Assigned task
Take the material below and extract the lines from the one with "FIG. 4 is another" through the one with "Manufacturer G.L.M. Tanks & Equipment Ltd.", word for word, without pictures.

The data
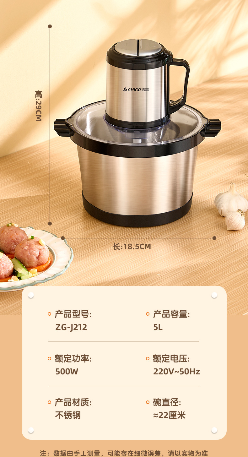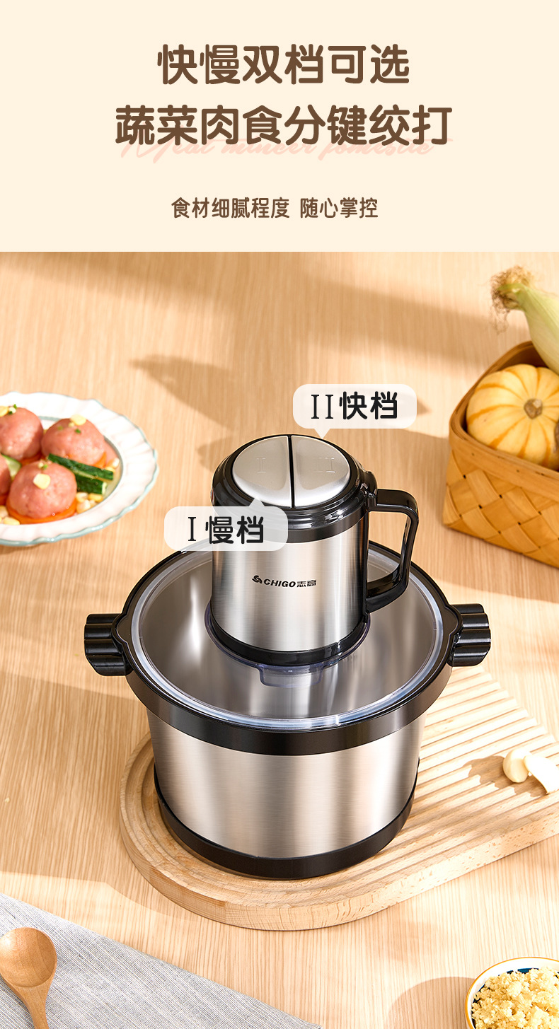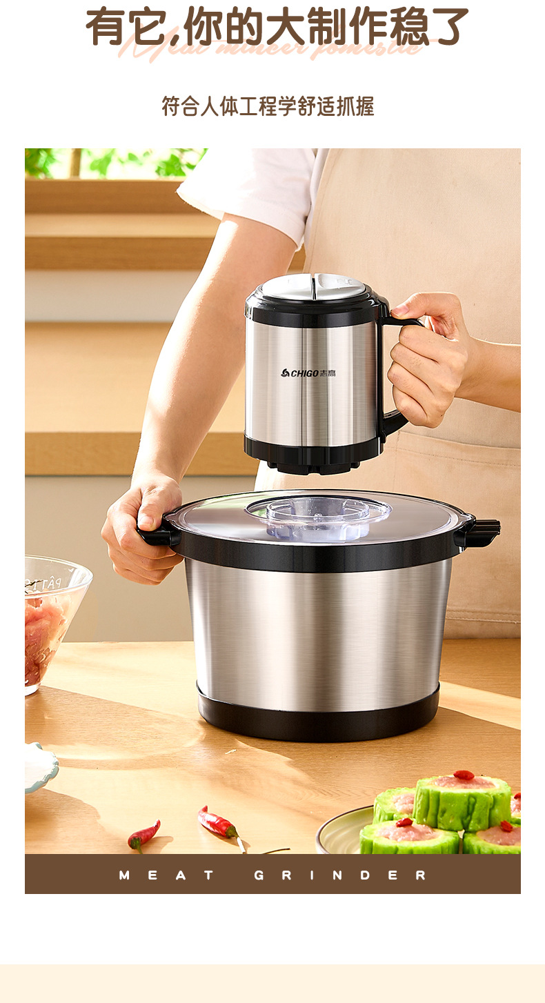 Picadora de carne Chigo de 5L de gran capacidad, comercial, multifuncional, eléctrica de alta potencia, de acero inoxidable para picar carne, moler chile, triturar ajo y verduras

* * *

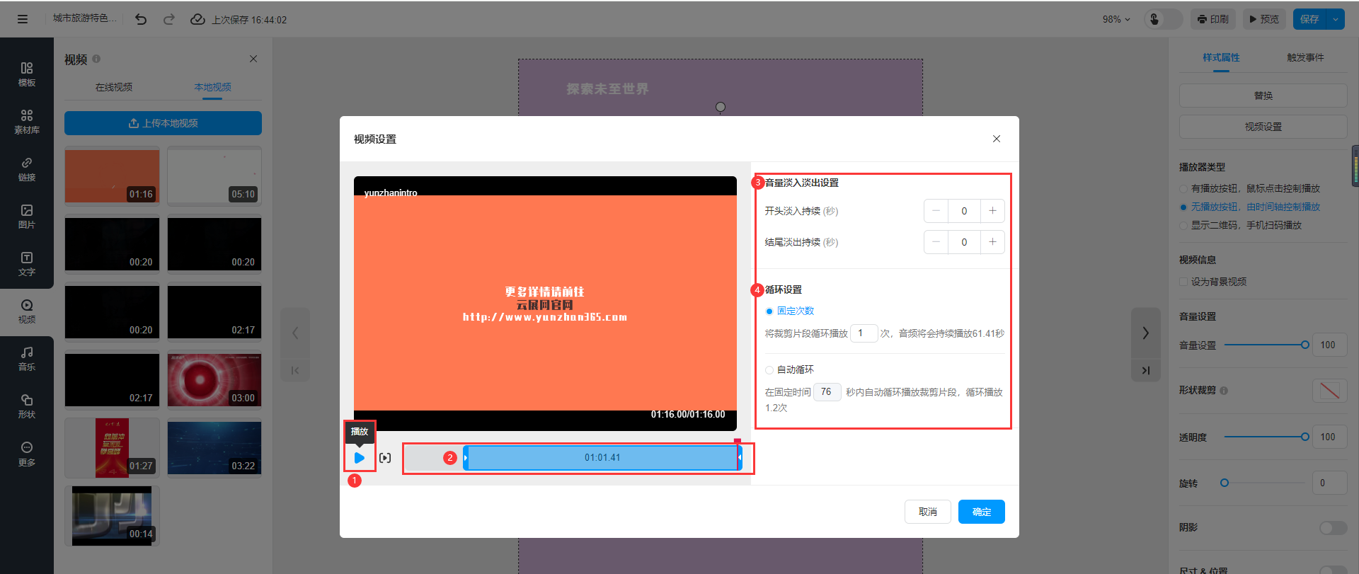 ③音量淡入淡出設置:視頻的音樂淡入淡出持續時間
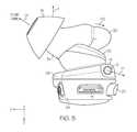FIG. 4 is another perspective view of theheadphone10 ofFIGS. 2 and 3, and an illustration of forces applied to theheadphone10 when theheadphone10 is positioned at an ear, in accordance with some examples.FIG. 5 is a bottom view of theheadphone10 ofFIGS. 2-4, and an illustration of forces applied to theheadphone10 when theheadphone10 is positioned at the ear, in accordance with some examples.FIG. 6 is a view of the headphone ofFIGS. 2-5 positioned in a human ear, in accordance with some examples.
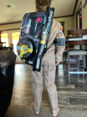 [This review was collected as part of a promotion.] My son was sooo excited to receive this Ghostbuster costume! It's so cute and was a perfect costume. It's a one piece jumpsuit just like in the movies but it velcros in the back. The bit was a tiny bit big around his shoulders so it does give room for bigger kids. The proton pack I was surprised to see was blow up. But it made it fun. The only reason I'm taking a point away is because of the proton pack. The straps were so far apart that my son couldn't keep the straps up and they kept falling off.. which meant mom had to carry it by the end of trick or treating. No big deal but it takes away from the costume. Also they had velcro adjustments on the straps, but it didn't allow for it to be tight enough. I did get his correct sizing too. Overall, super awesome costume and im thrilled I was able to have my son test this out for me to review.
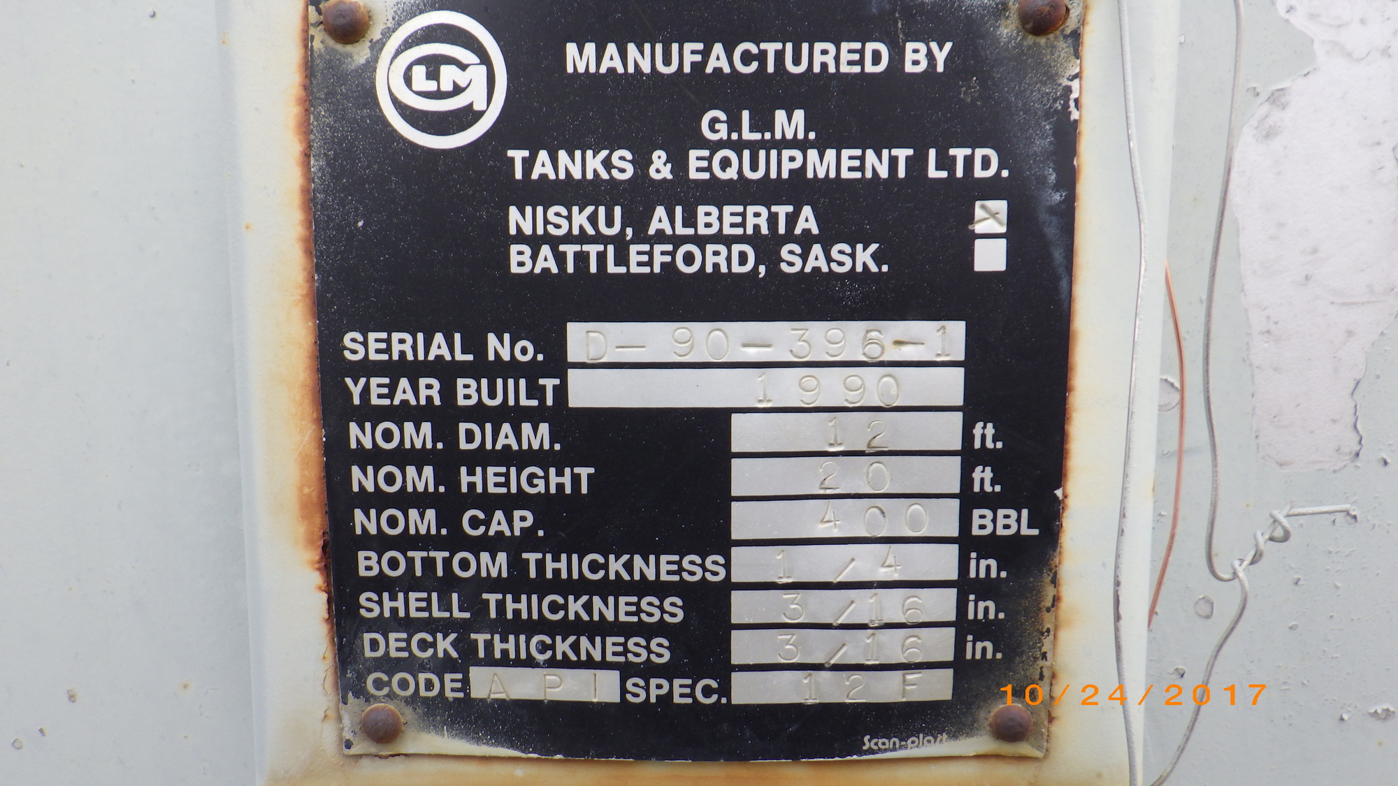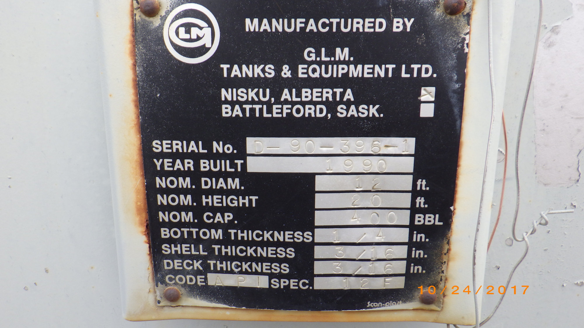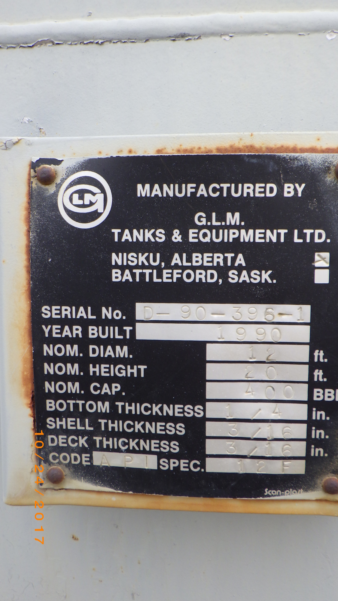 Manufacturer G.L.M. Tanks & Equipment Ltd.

...

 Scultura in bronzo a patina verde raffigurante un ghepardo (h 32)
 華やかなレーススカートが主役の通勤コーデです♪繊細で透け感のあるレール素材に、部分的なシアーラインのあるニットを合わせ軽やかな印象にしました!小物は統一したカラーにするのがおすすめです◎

Solution for this exercise
FIG. 4 is another perspective view of theheadphone10 ofFIGS. 2 and 3, and an illustration of forces applied to theheadphone10 when theheadphone10 is positioned at an ear, in accordance with some examples.FIG. 5 is a bottom view of theheadphone10 ofFIGS. 2-4, and an illustration of forces applied to theheadphone10 when theheadphone10 is positioned at the ear, in accordance with some examples.FIG. 6 is a view of the headphone ofFIGS. 2-5 positioned in a human ear, in accordance with some examples.
 [This review was collected as part of a promotion.] My son was sooo excited to receive this Ghostbuster costume! It's so cute and was a perfect costume. It's a one piece jumpsuit just like in the movies but it velcros in the back. The bit was a tiny bit big around his shoulders so it does give room for bigger kids. The proton pack I was surprised to see was blow up. But it made it fun. The only reason I'm taking a point away is because of the proton pack. The straps were so far apart that my son couldn't keep the straps up and they kept falling off.. which meant mom had to carry it by the end of trick or treating. No big deal but it takes away from the costume. Also they had velcro adjustments on the straps, but it didn't allow for it to be tight enough. I did get his correct sizing too. Overall, super awesome costume and im thrilled I was able to have my son test this out for me to review.
 Manufacturer G.L.M. Tanks & Equipment Ltd.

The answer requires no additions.